Les mouvements queer alternatifs sont pratiquement inexistants au Luxembourg. Le Cigale, qui travaille selon des concepts progressistes depuis sa scission avec Rosa Lëtzebuerg, dépend du financement du ministère de la Famille et s’abstient de toute prise de position politique. Le Cid Fraen an Gender adopte certes une approche féministe intersectionnelle et trans-inclusive, mais ne tient pas nécessairement à être en première ligne lors de la Pride, préférant laisser la place aux organisations explicitement axées sur les droits LGBTIQ+. Le Laboratoire d’études queer, sur le genre et les féminismes, d’orientation féministe queer, est principalement actif dans le domaine de la recherche et dans le cadre de conférences, tandis que l’Association des étudiants LGBT+ de l’Université du Luxembourg se montre très discrète pour une organisation étudiante (une tentative d’entretien avec l’association a échoué en raison de la condition « non négociable » qu’elle avait posée : pouvoir lire l’article avant sa publication et y apporter des modifications). Le collectif Richtung 22 s’engage certes également dans le domaine queer, mais son orientation est davantage artistique que purement politique. Les événements performatifs queer organisés pendant la Pride Week n’auront lieu que ce vendredi (aujourd’hui) à la Kulturfabrik.
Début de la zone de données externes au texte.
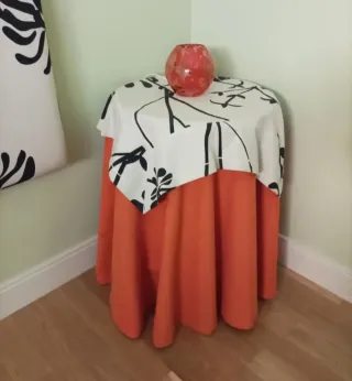 Pequeña mesa auxiliar o mesilla de madera. Ideal para colocar junto a un sofá, mesa de comedor o como mesilla de noche. - Tablero redondo. Diámetro 40 cms - Patas de madera cónicas, desmontables para almacenar fácilmente.
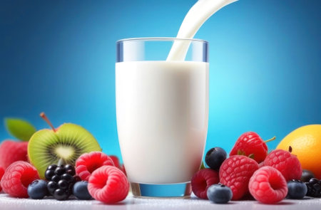 Indulge in a splash of freshness with this beautifully captured glass of milk surrounded by vibrant fruits. Perfect for healthy lifestyle inspiration. Generated AI.
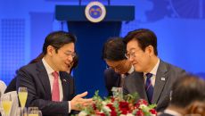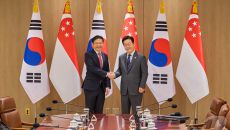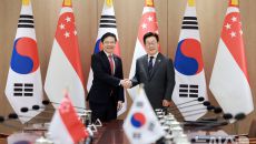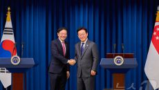 손 잡은 이재명 대통령·로렌스 웡 싱가포르 총리

À l’issue d’un atelier animé samedi au Rainbow Center par Elsa Fischbach, collaboratrice de la Cigale, les participant·e·s ont formulé la proposition que la Luxembourg Pride ne soit plus organisée à l’avenir par Rosa seule, mais par une plateforme. Selon cette proposition, cette plateforme fonctionnerait de manière similaire à la Jif, qui organise depuis plusieurs années la grève des femmes le 8 mars. La Jif est un regroupement de féministes, de militantes queer, de militantes antiracistes, de défenseuses des droits de l’homme ainsi que de représentantes de l’OGBL (qui participe officiellement à la Pride pour la première fois cette année) et de partis politiques de gauche. Dans le cadre d’une telle plateforme, les associations LGBTIQ+ pourraient également, en collaboration avec d’autres organisations luttant contre toutes les formes de discrimination, formuler des revendications plus radicales et plus politiques, sans qu’une organisation n’ait à en assumer seule la responsabilité ni à craindre que sa convention avec le ministère ne soit résiliée ou que ses subventions ne soient réduites. La Jif renonce totalement aux sponsors et n’organise ni concerts ni soirées. La Pride n’a pas besoin d’aller aussi loin. Avec un budget plus modeste, il serait certainement possible de mettre sur pied un programme de divertissement tout aussi coloré, voire encore plus ambitieux et plus politisé.